The Japanese government will deploy upgraded surface-to-air missiles to the Ryuku Islands to boost Japanese air defense capabilities near disputed islands in the East China Sea, reports the Yomiuri Shimbun.
Japan’s new missiles will be enhanced, vehicle-mounted versions of the current Type-03 medium-range, surface-to-air missiles. These missiles can simultaneously intercept multiple enemy fighters, as well as effectively knock out incoming high-speed cruise missiles.
High-speed cruise missiles are difficult to detect and defend against. The new missiles were recently tested in the US, and they were able to successfully eliminate all missile threats, reports the Yomiuri Shimbun.
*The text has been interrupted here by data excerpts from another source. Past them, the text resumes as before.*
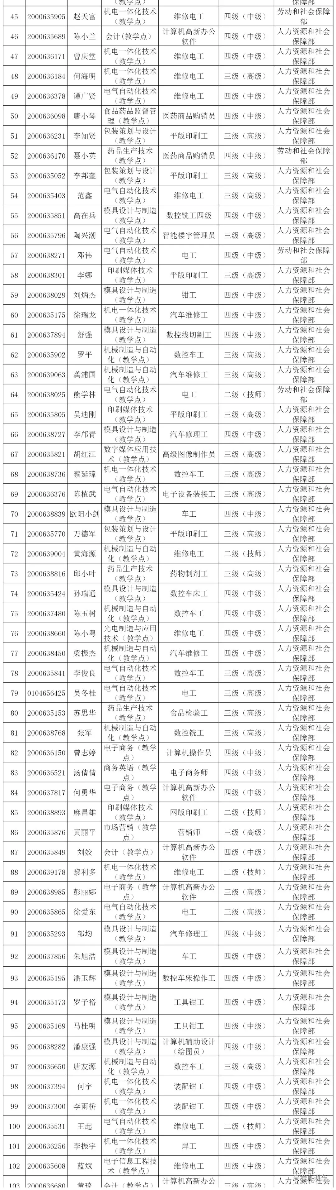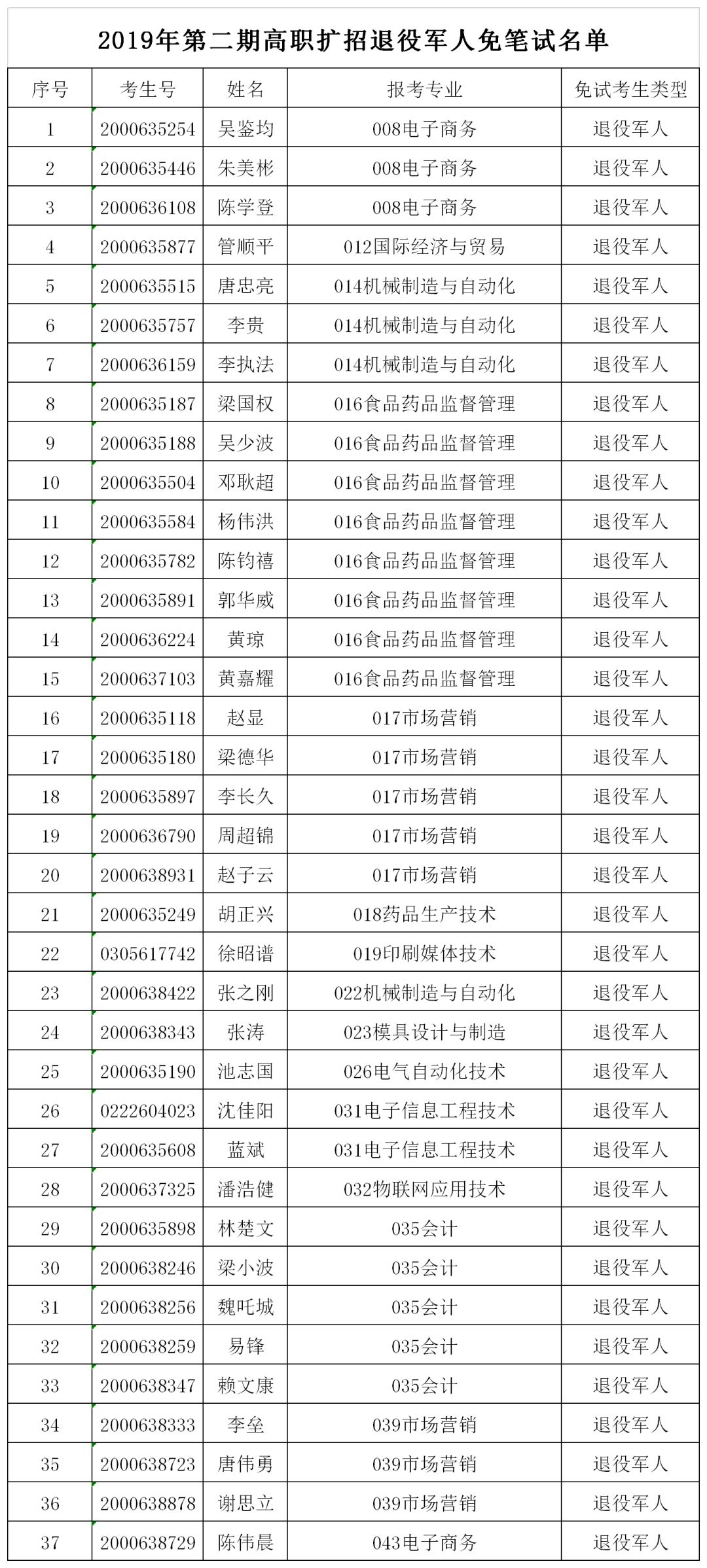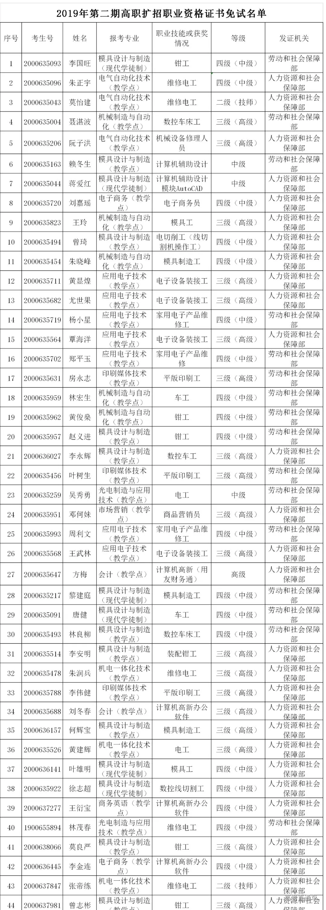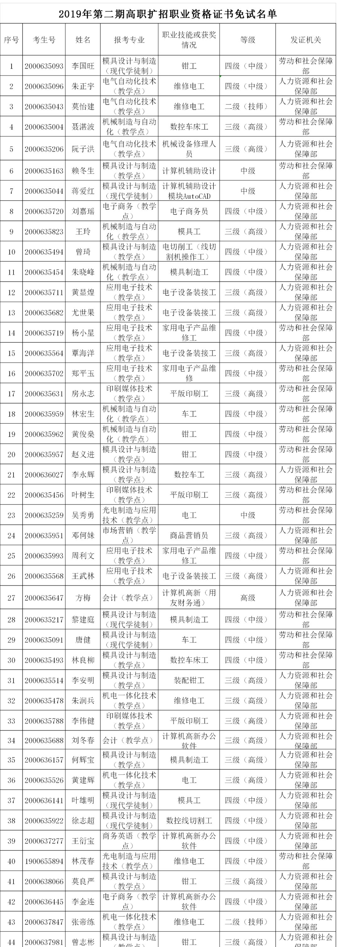 根据教育部等六部委印发的《高职扩招专项工作实施方案》(教职成〔2019〕12号)、《教育部办公厅关于做好2019年高职扩招专项考试招生工作的通知》(教学厅〔2019〕6号)、广东省教育厅印发的《广东省教育厅关于做好2019年第二期高职扩招专项行动有关工作的通知》取得与所报考的招生专业相关的中级以上职业资格技能等级中级以上证书的考生,经考生申请学校资格核实,符合免试入学及退伍军人免笔试名单公示如下:
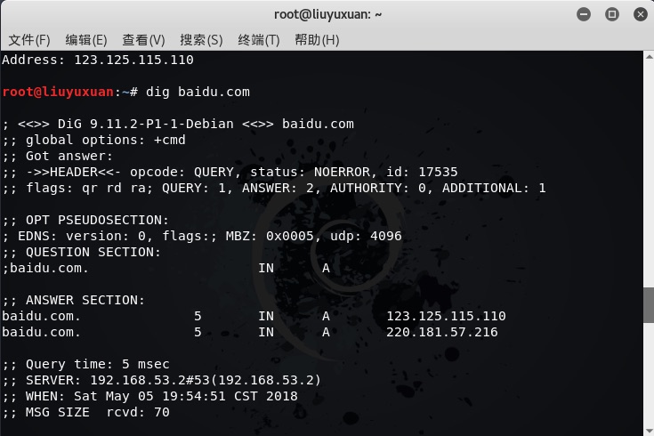 1.3运用dig命令查询并显示域名的高级数据
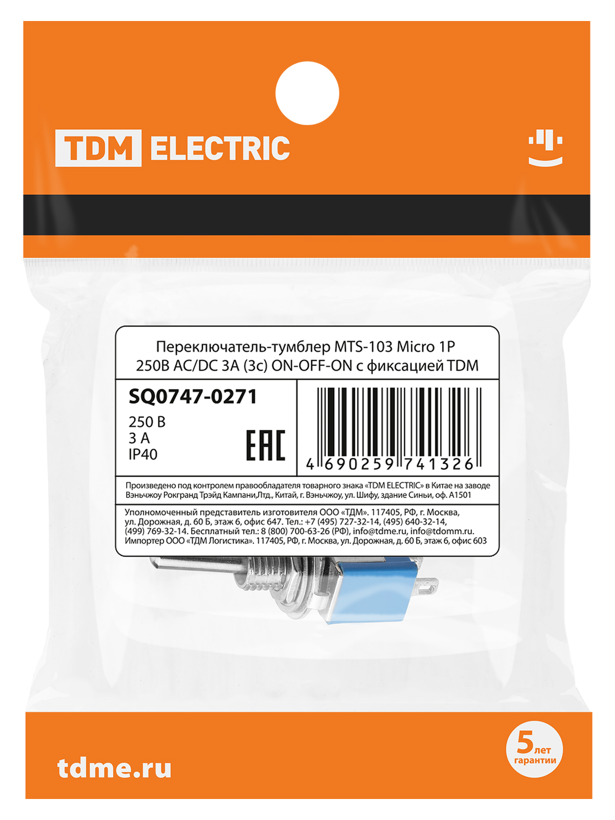 Tdm SQ0747-0271 Переключатель-тумблер MTS-103 Micro 1P 250В AC/DC 3А (3c) ON-OFF-ON

The Yomiuri Shimbun explained that the Japanese government hopes to improve deterrence near the contested Senkaku/Diaoyu Islands, territories claimed by China but administered by Japan. China has been regularly sending military aircraft into the area over the past few months to challenge Japan’s claims of indisputable sovereignty over the islands.
“As the cruising range of Chinese military aircraft has gotten longer, they are coming ever closer to our territories,” a Japanese Ministry of Defense official told the Nikkei Asian Review.
Between April and June, Japan scrambled fighters and alerted its missile defense teams in response to Chinese provocations 199 times.
Japan will spend around $170 million of its desired $52 billion fiscal year 2017 national defense budget on the upgraded Type-03 missiles. The missiles, including their launchers, radar systems, and other relevant equipment, will be purchased and deployed over a period of several years.
These weapons will be deployed to Miyako Island in Okinawa and Amami Oshima in Kagoshima, the same locations Japan intends to place upgraded surface-to-ship missiles to prevent China from entering Japanese waters by sea.
The Nikkei Asian Review reports that Japan is also considering upgrading the Air Self Defense Force’s (ASDF) 200 F-15s by outfitting them with more missiles. Japan’s F-15 fighters can carry up to 8 missiles, but that number will be raised to 16. In January, Japan moved a large squadron of F-15s to a base in Naha, Okinawa. 40 fighters are on standby at this location to counter any potential Chinese military assault on Japanese territorial holdings.
Japan’s surface-to-air and surface-to-ship missile deployments should be complete by 2021. While the missile shield will not prevent normal regional operations, it will prevent China from seizing control of the Senkaku/Diaoyu Islands militarily.